Opera provides learning firsts for music students

Though it may be a comedic opera by nature, the dedication, skill and artistic integrity poured into the University of Alberta Department of Music's Opera Workshop production of Handel's Serse is no laughing matter.

Megan Dart - 25 February 2010

(Edmonton) Though it may be a comedic opera by nature, the dedication, skill and artistic integrity poured into the University of Alberta Department of Music's Opera Workshop production of Handel's Serse is no laughing matter.

A fully staged production of the baroque classic, Serse, opening this Thursday in the Timms Centre, is a true test of student skill.

"Students are facing many firsts in learning this production," explained production director and associate voice professor Brian McIntosh. "Not only are they singing in Italian-some for the first time-many of them are also singing with an orchestra for the first time, learning to move as actors in costumes on stage for the first time, balancing a heavy rehearsal schedule with school work, personal lives and part-time jobs.

"It really is a sincere but worthwhile challenge for students."

Many students are also learning to master the art of the recitative for the first time, an operatic form which imitates rapid speech, links arias and choruses and serves to advance the plot.

"Recitative is almost like talking and singing at the same time," explained McIntosh. "It's very speech-like, is not extremely melodic and can be a tough challenge to master."

But this series of first-time challenges provide students the opportunity to flex their operatic muscles and prepares them for the competitive opera world after graduation.

"Once students leave the safety of the school setting, they must navigate their way through a very competitive, very demanding opera world," said McIntosh of the Canadian opera scene. "By helping them to test their skill as an opera singer within the learning environment, we really are providing students the experience necessary to thrive after graduation."

According to Elizabeth Turnbull, a Department of Music voice instructor and professional opera singer who is lending her input on the production, performing a fully staged opera serves both a need and a niche.

"An opera such as Serse provides students the opportunity to develop their voice through focused training, something students will rely on once they enter the professional world," said Turnbull. "There is a niche here within the music department, within the university and within the Edmonton community that needs to be filled.

"Opera truly is one of the oldest forms of entertainment and engages the senses unlike other art forms."

Opera combines the dramatic flair of theatre, the intensity and co-ordination of an orchestra and the skill of classical singing, incorporating a variety of different art forms into one production.

"As a singer, it's a sincere challenge to get up in front of an audience and perform the role of a character," said Turnbull. "Students are asked to undertake the journey of a character with whom they may not necessarily have much in common with. It's an emotional, physical and intellectual exploration that, unlike other forms of musical performance, uses your imagination to understand how and why a character makes the decisions he or she does."

Negotiating the world of the character is only the beginning; singers must also learn to communicate with the orchestra conductor during a performance to ensure proper co-ordination with the music.

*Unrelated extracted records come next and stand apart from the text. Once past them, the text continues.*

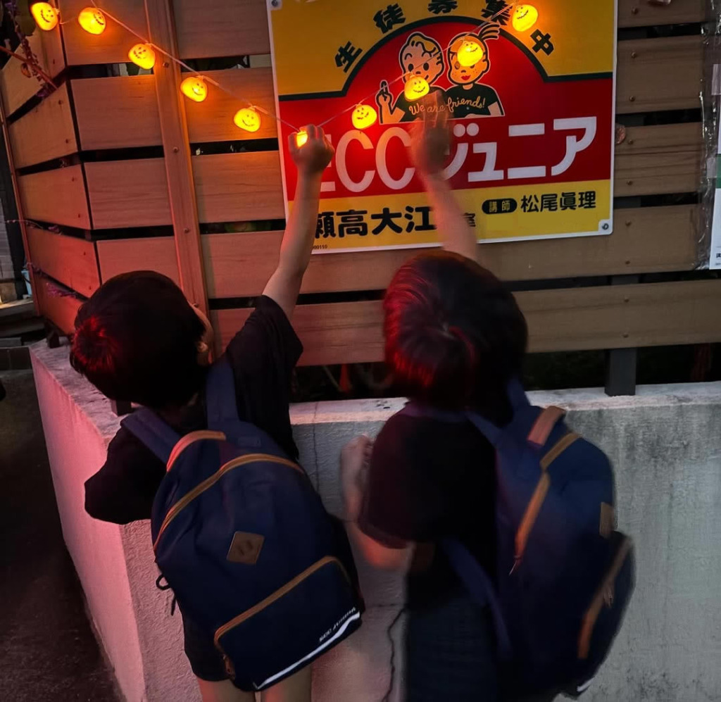 “train station”のイラストを見せて、お手本を示して発音練習。
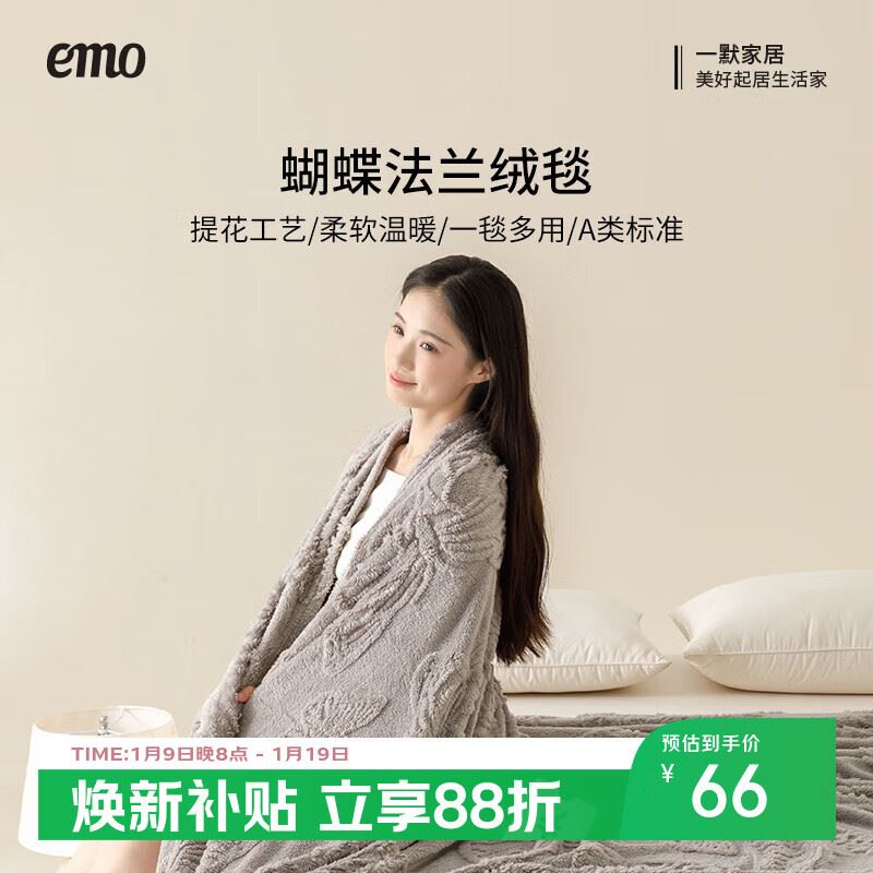 一默家居床品集 蝴蝶法兰绒毯1.5*2米36元 领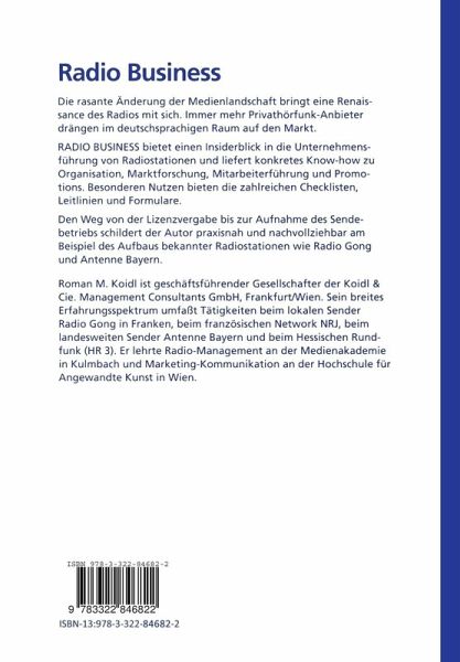 "Radio Business" bietet einen Insiderblick in die Unternehmensführung von Radiostationen und liefert konkretes Know-how zu Organisation, Marktforschung, Mitarbeiterführung und Promotions. Besonderen Nutzen bieten die zahlreichen Checklisten, Leitlinien und Formulare.

"The conductor really steers the performance in an opera," said McIntosh. "During their performance, the student singers must learn to navigate through the sounds of multiple instruments while making their musical intentions clear to the conductor. It's a balancing act."

With a lighter quality sound than later operas, Serse is Handel's most popular opera. Offering a twisted, comedic take on the traditional love triangle, Serse explores the notion of nobility asserting its power over romance.

"Think of it as hearing baroque music interwoven with the romantic complexity of a soap opera," says McIntosh, who is the director of the U of A's Opera Workshop.

The audience, he said, will be treated to a truly rare occasion to take in a baroque opera, student-driven production.

"The entire production is cast with student singers supported by a student orchestra," explained McIntosh. "With more than 50 student performers, this production provides a great chance for audiences to experience the level of musical talent being developed at the U of A."

Serse opens Thursday, Feb. 25 at the Timms Centre for the Arts and closes Sunday, Feb. 28. Tickets available through InfoLink, 780-492-4212, or at the door. For showtime information, go to www.music.ualberta.ca.